■ **PROBLEM TO WORK ON**: Using the listing below, output only the lines from the one that contains "澎湃星球百合雪梨莲藕复合果蔬汁自立袋设计便携装整箱100ml*12袋" through the one that contains "Ladda ned hyresområdenas", inclusive, exactly as given and without images.

-.-.-

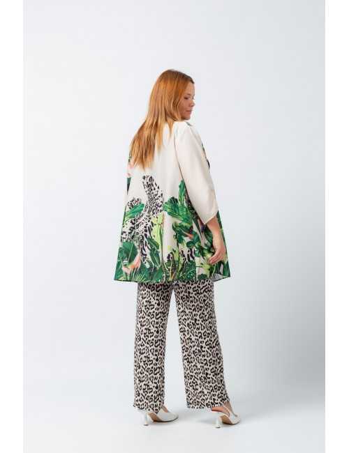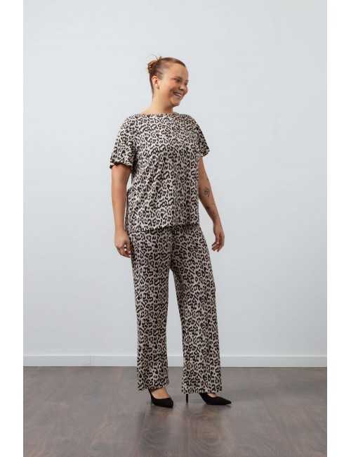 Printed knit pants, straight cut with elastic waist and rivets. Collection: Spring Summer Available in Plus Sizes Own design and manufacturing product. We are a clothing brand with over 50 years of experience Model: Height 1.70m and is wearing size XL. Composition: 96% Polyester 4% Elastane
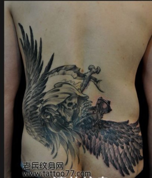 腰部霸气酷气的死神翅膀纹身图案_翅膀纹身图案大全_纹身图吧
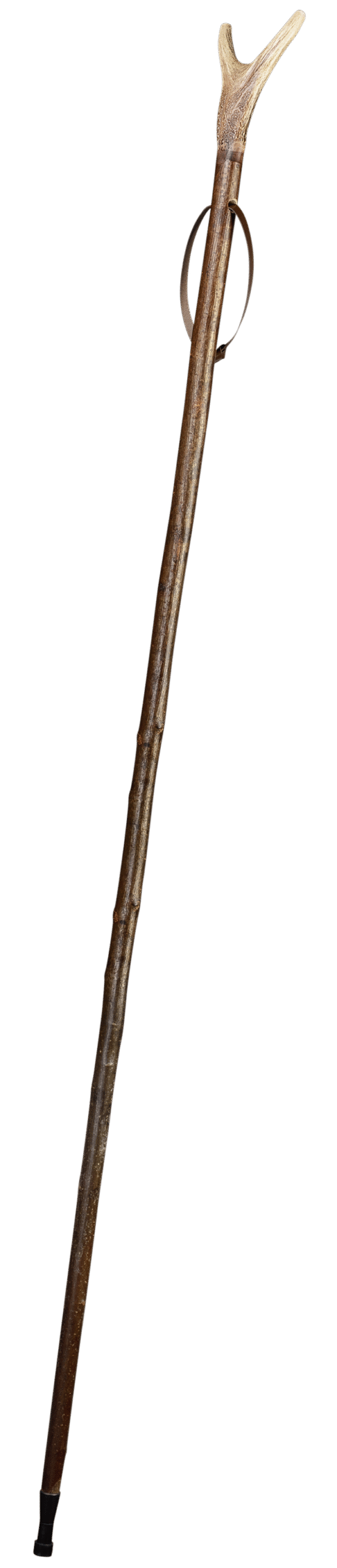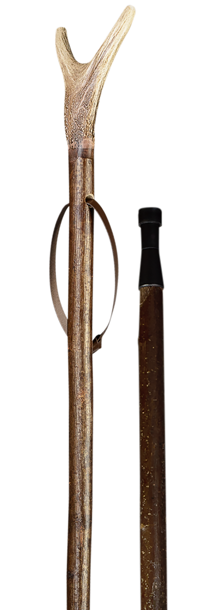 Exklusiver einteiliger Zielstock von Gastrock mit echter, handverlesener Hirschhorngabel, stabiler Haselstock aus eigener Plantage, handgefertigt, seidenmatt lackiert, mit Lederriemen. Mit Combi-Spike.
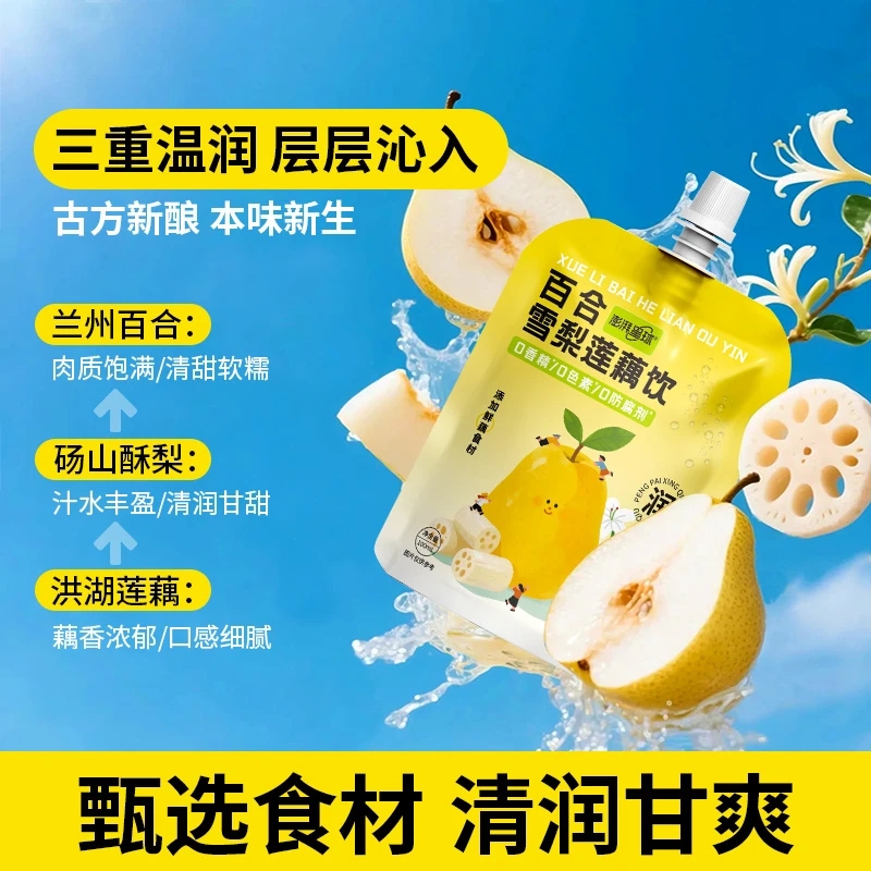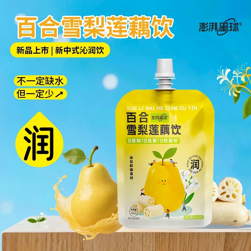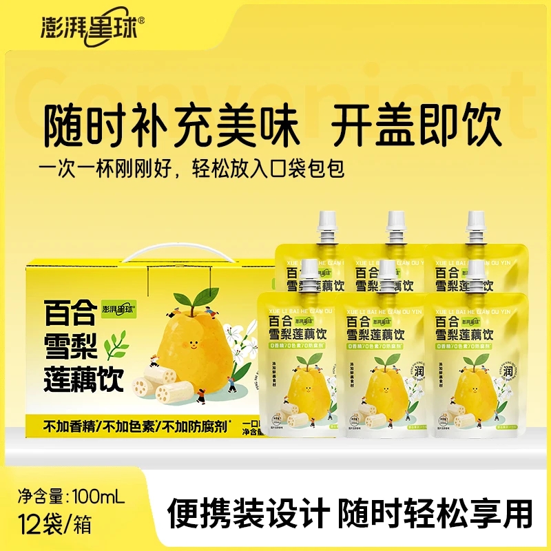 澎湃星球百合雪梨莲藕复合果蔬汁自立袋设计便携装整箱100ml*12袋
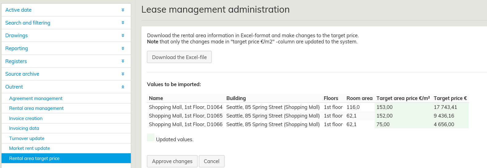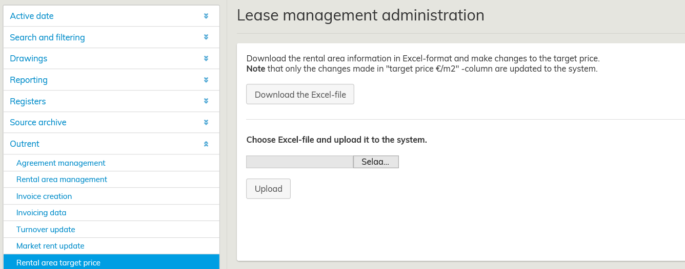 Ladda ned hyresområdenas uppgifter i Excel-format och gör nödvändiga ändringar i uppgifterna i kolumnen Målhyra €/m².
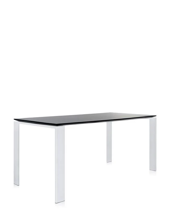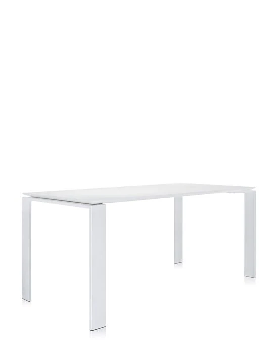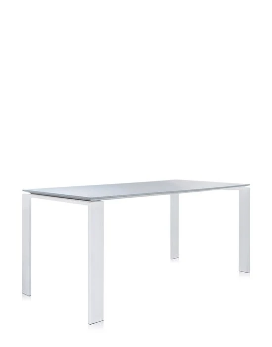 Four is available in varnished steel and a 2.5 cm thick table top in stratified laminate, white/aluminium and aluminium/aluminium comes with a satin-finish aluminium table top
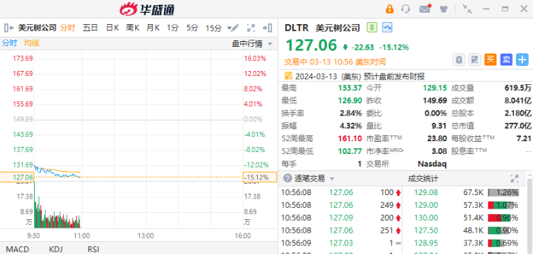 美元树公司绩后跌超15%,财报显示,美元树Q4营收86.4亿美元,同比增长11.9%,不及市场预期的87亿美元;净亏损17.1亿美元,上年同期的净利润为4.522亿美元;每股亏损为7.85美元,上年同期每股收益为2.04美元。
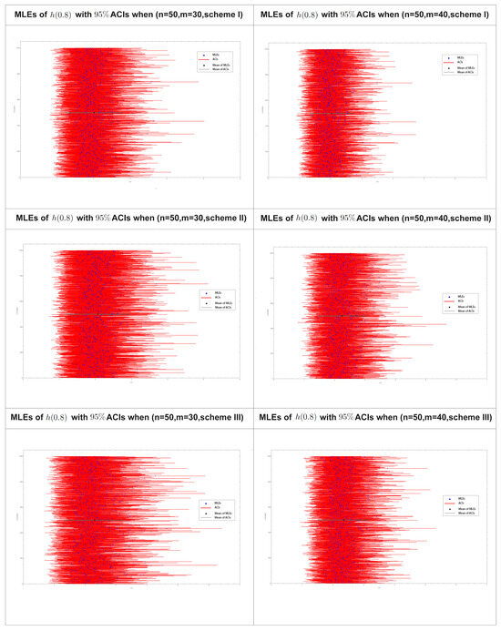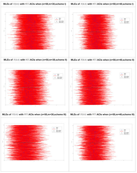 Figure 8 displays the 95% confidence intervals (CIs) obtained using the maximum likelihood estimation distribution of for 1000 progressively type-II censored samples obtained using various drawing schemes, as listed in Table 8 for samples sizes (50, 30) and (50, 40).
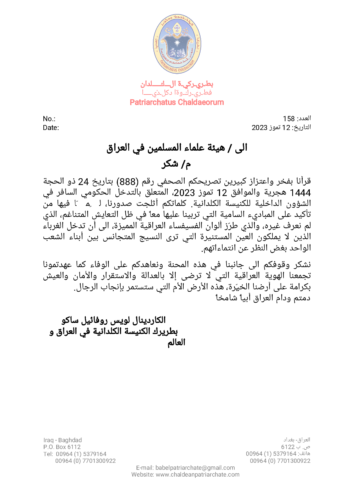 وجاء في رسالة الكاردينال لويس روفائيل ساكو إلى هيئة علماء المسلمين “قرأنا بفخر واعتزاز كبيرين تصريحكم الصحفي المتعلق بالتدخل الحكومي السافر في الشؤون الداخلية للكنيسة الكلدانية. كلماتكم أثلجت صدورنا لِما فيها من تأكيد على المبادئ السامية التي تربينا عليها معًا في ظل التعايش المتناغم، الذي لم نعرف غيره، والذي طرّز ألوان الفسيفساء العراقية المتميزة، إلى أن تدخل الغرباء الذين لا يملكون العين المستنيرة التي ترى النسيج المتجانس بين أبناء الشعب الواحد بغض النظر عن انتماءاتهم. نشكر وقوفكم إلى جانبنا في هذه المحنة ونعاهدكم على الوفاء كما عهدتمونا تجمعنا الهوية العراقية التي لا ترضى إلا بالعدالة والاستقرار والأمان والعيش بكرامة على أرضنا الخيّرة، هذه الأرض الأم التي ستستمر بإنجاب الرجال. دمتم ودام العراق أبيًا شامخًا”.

-.-.-

■ **COMPLETED EXERCISE**:
 澎湃星球百合雪梨莲藕复合果蔬汁自立袋设计便携装整箱100ml*12袋
 Ladda ned hyresområdenas uppgifter i Excel-format och gör nödvändiga ändringar i uppgifterna i kolumnen Målhyra €/m².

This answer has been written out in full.